SAN FRANCISCO -- Intel Tuesday launched a broad-based mobile initiative it says could forever change the way the industry thinks about the Internet.

The Santa Clara, Calif.-based chip making giant gathered a swarm of top-tier software vendors here for the official debut of its Mobilized Software Initiative (MSI). The program is a collaboration between the computing and communications industries. The idea is to help companies create applications that keep working productively, regardless of network connection status.

Similar in the way Intel approached PC vendors in the 80s to make sure everyone standardized their products, the company is again working with software developers, IT managers, and solution providers with the tools and services they need to plan, design, and build the next generation of mobile and wireless applications. The concept was highlighted during this past September's Intel Developers Forum.
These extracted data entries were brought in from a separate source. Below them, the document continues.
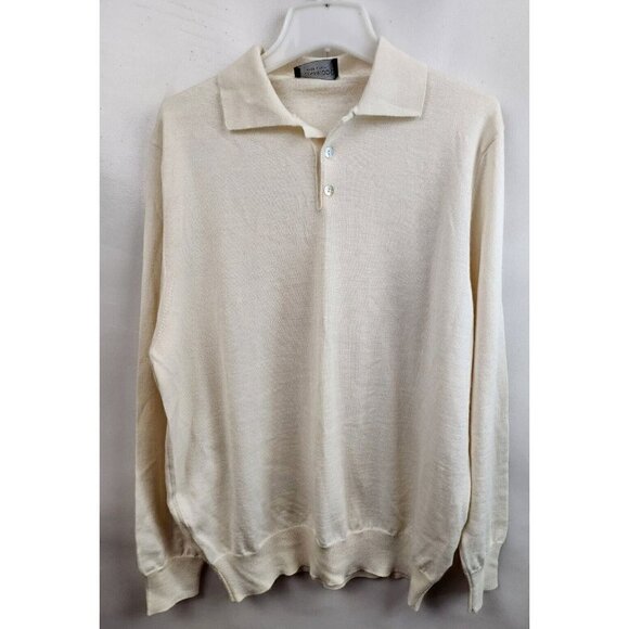 Confriddo Italy Mens Sweater Large Off White Wool Blend 1/4 Button Collared Pullover
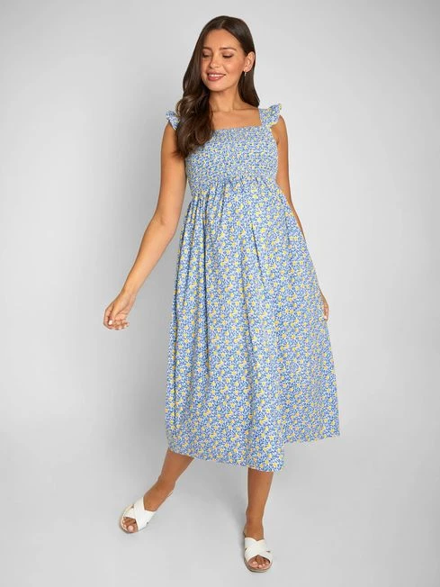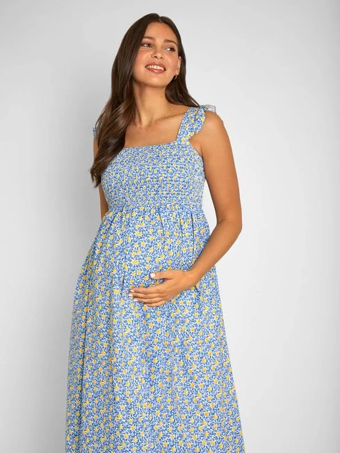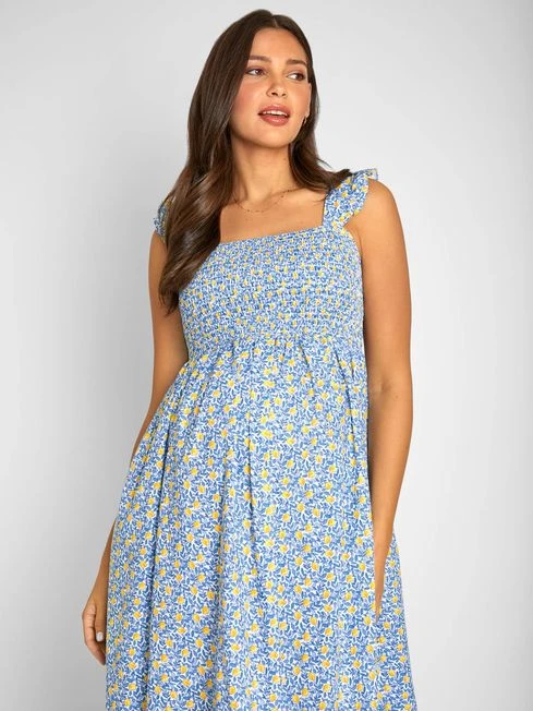 It’s hard to go wrong with shirred styles this summer because they are super flattering on any shape. In a palette of fresh blue, yellow and white, the Lemon Print Shirred Maternity Midi Dress is the perfect summer look. A ruffled sleeve adds a feminine touch, while the midi length makes it easy to dress up or down for any occasion. Designed to fit throughout pregnancy. All-over lemon print./ Shirring to chest. Sleeveless. Frill to straps. Square neck. Gathering to empire seam. Length 120cm.
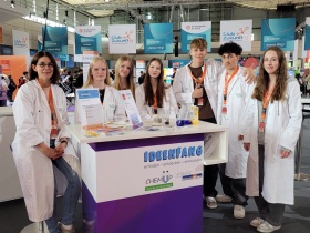 Vom 8. – 16.06.24 fand auf dem Messegelände in Hannover die IdeenExpo statt. Da wir den Wettbewerb „Ideenfang“ der Stiftung NiedersachsenMetall gewonnen hatten, durften wir 9 Tage lang unser ChemUp-Labor vielen Hunderten Besuchern präsentieren und sie zum Experimentieren an unsere vier Stationen „Verbrennung, Brandbekämpfung, Kohlenstoffdioxid und Salze“ einladen. Statt Grundschulkindern das Experimentieren näherzubringen, standen nun Kindergartenkinder, Lehrkräfte, Senioren, Chemie-Leistungskursschüler/innen, Familien mit Kindern, Landtagsabgeordnete, Pressevertreter, Fotografen usw. vor unseren ChemUp-Schüler/innen, staunten über die Staubexplosion und beneideten unsere Schule um das ChemUp-Labor.
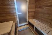 Баня сделана из отсортированной термодоски — мы отобрали хорошее дерево, но с небольшими косметическими изъянами. Ничего критичного, просто живой материал с характером.
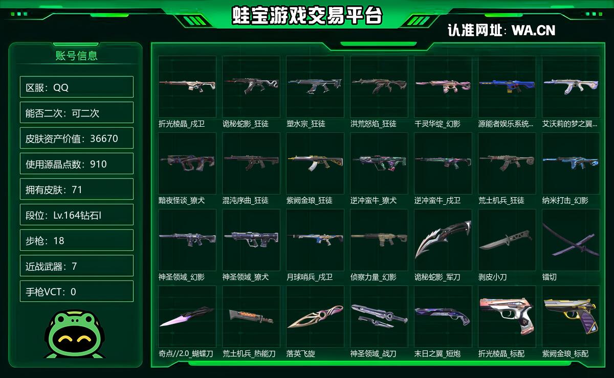 QQ 可二次 皮肤资产价值36670 使用源晶点数910 拥有皮肤71 段位Lv.164钻石I 步枪18 近战武器7 手枪VCT0 手枪11 狙击枪7 套装0 霰弹枪4 机枪3 冲锋枪5 英雄27 热门卡面4 热门挂饰5
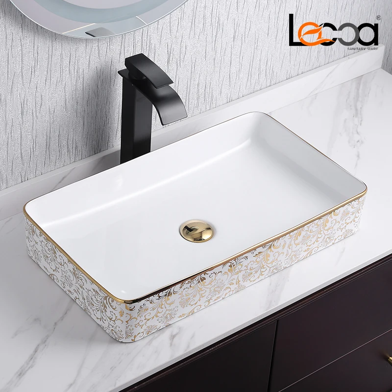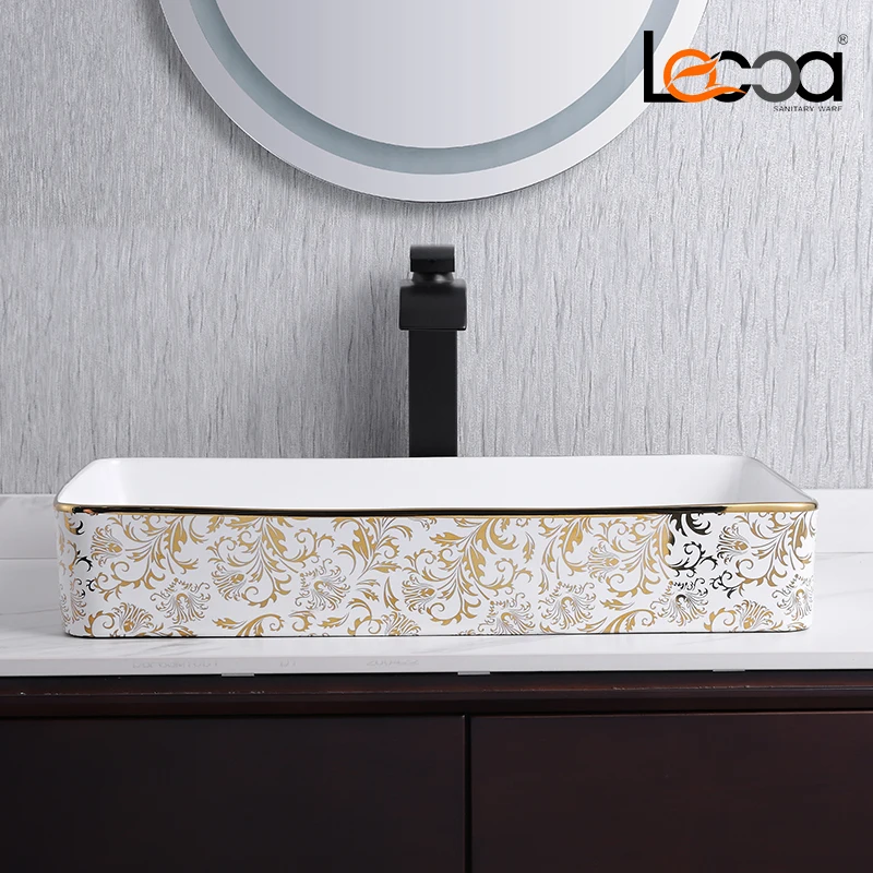 首页 浴室产品、水槽 洗手盆 Rectangular ceramic porcelain flower pattern plating gold art basin for home use
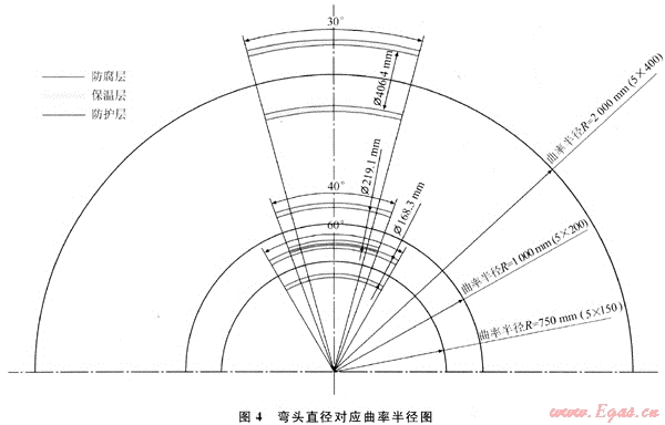 一般熱煨彎頭的曲率半徑為5DN,有時也為10DN,LG試采工程彎頭保溫部分工程熱煨彎彎頭的曲率半徑為5DN,彎頭保溫模具曲率半徑R保溫因此確定為5DN。彎頭直徑對應(yīng)曲率半徑如圖4所示。
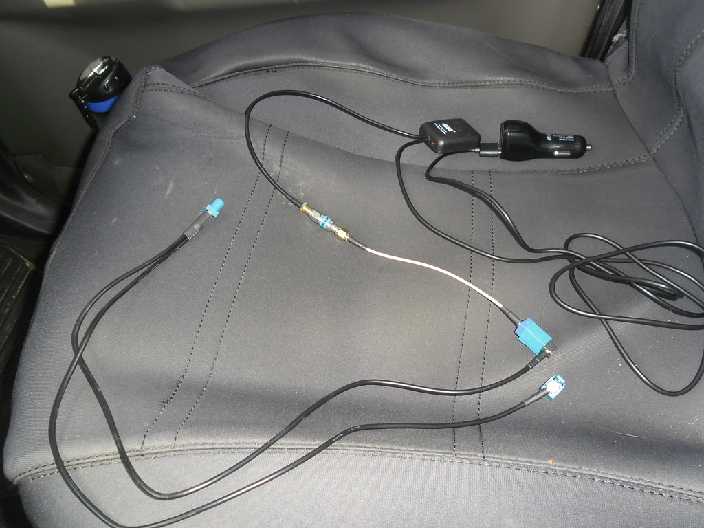 The concept is to split the NAV GPS and feed it to the transmitter. I did this with a Fakra splitter, and Fakra to SMA adapter cable :
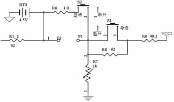 根據(jù)鋰電池保護IC的工作原理設(shè)計的測試電路如圖2所示,圖3詳細說明了圖2中模塊B的電路。模塊A在測試過流保護時為CS引腳提供電壓,模擬圖1中的CS引腳所探測到的電壓。調(diào)整模塊中的可變電位器可為CS引腳提供可變電源,控制其中的跳變開關(guān)可為CS提供突變電壓。模塊B為電源,模擬為IC提供工作電壓。調(diào)整電路中的可變電位器R7可為整個電路提供一個可變電壓,在測試過充電保護電壓和過放電保護電壓時使用。控制模塊中的開關(guān)S1的閉合為測試電路提供一個跳變電源,在測試IC的過充、過放和過流延遲時使用。
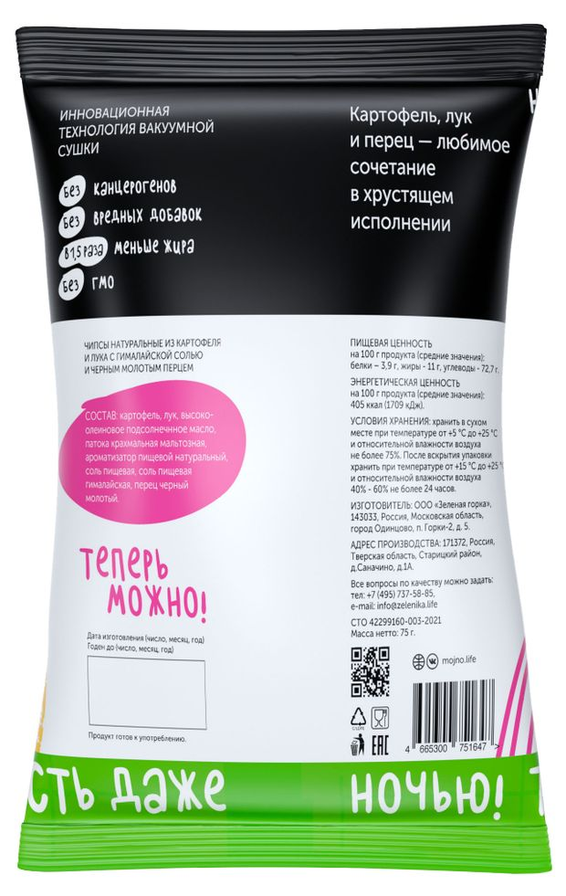 Чипсы Mojno Лук, Гималайская соль и черный молотый перец, 75г
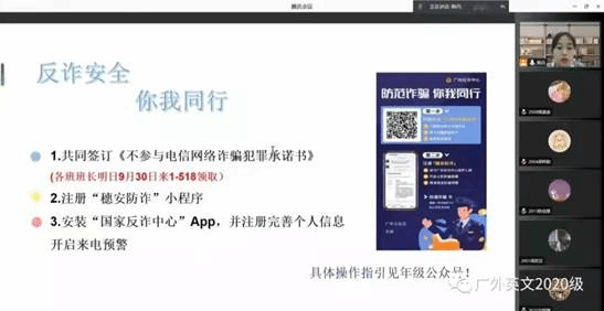 接着,韩丹老师围绕反诈安全、政治安全等方面对年级进行了相关安全教育。会上老师分享了自己的亲身经历,提醒全体同学提升自身反诈骗意识并且应保持冷静、寻求他人帮助,最后,她诚挚地祝愿同学们享受此次假期。会议结束,同学们纷纷表示自己强化了疫情防控意识,极大地提高了对各类诈骗的警惕性。
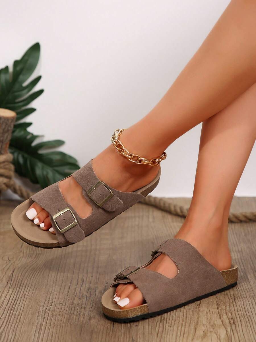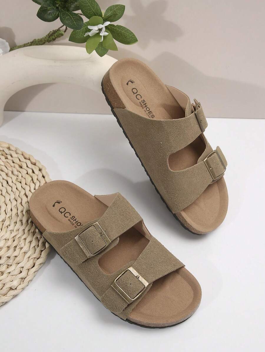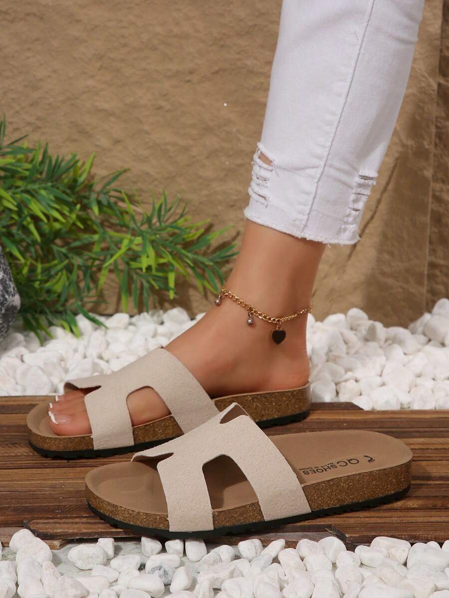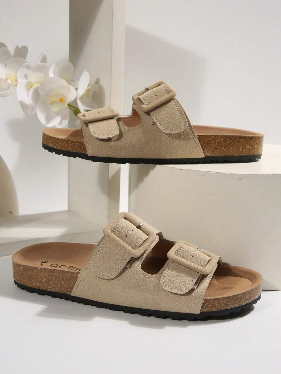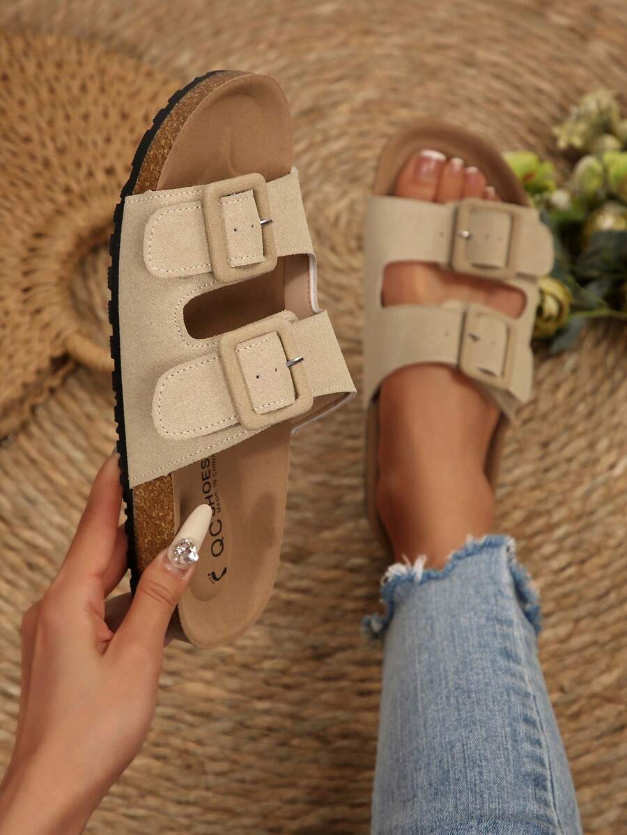 MIU Women's Simple Summer Open Back Comfortable Holiday Buckle Flat Mules Sandals In Beige Color

Intel Chief Strategist Christopher Thomas, who back in 1997 first wrote about what he calls the "mobility inflection point," says the industry is "on the cusp of a major change."

"I liken this movement to how our industry was back in 1984 and 1985, when the Cobol programmer was king, that is until Lotus 123 came around and people could do more for themselves," Thomas told internetnews.com. "We are living it again with online forms and the browser. Customers are saying, 'I need to do more than what you let me do'. We have gone back to a centralized architecture and that is not good. What is different now is that we are taking the next step forward with more of a service-oriented architecture. This addresses documents as applications. People won't have to wait for HTML to load in and they won't have to wait for the Web developers to do the work for them. They can do it themselves."

Thomas says Intel's role will be to provide the silicon through its Pentium, XScale and IXA network processors as well as their chipsets. The company is also providing development and testing tools as well as solution blueprints and programs with ISVs, Sis and OEMs.

But as the company's key evangelist, Thomas says the idea of a mobility inflection point would never have gotten off the ground were it not for the timely development of two technologies: XML and Wi-Fi.

"This liberation of XML targeted at the mobile community is absolutely amazing," he said. "Because of that, what is hosted in the next generation are Web services. Similarly, Wi-Fi has given us a major boost and now we have great momentum with our customers. For example, we had a prototype of a FedEx mobilized solution back in 1997. At the time they told us that their culture wasn't ready for it. Now in 2003, it's a key part of their business. The nice thing now is that IT gets it when we talk to them about moving them over to Wi-Fi. It's like in 1996, when the question was not 'if' but 'when' you were going to go to the Web."

Intel has extremely broad industry support including big names like Microsoft, IBM, Hewlett-Packard, Sun, Adobe and Macromedia on its side. The coalition also includes smaller key players like AvantGo, Tailwind, Dreamfactory, InfoPath, IONA and Sandhill.

Intel says the emerging application architectures include eForms or documents that are the user interface and not the end result of one; offline portals that make content available offline through structured downloads; and database synchronization, which use "mini-database apps.

Current working examples include Microsoft Office 2003, Macromedia Central and Autodesk Viewer. The idea is that the platform connects to multiple Web services even when network connections are interrupted.

In addition to the online/offline functionality, Intel says its MSI program is working on intelligent roaming capabilities when moving from hotspot to hotspot, so that users won't waste time reconnecting or lose critical data due to dropped connections. The company is also looking at enabling flexible data access and applications on various computing devices, whether they are laptops, desktops, handhelds or servers. And to make sure end users can extend the life of their devices, Intel is also focusing on tuning applications to conserve power.

"We go from a thin client browser to a browser or a rich client server written by a company," Thomas said. "Now you have a whole generation of vendors that build standards based platforms, which connect to multiple Web services. We recently launched a Web book with Montgomery Press that uses Adobe PDFs. The applications in them are the lead forms that links to more information and the lead stays with it. What that gives you is an offline form that travels with you that reports information back to the publisher. Instead of relying on click counts, here you have a document that knows exactly who has downloaded it and what that person is interested in reading about. That alone could change the way we charge for advertising on the Internet."

Going forward, Intel says it is continuing to build business partner agreements for the media documents. The company is currently conducting a "proof of concept" (prototyping) on a MSI book. Intel said it will continue to hold MSI outreach events throughout 2004.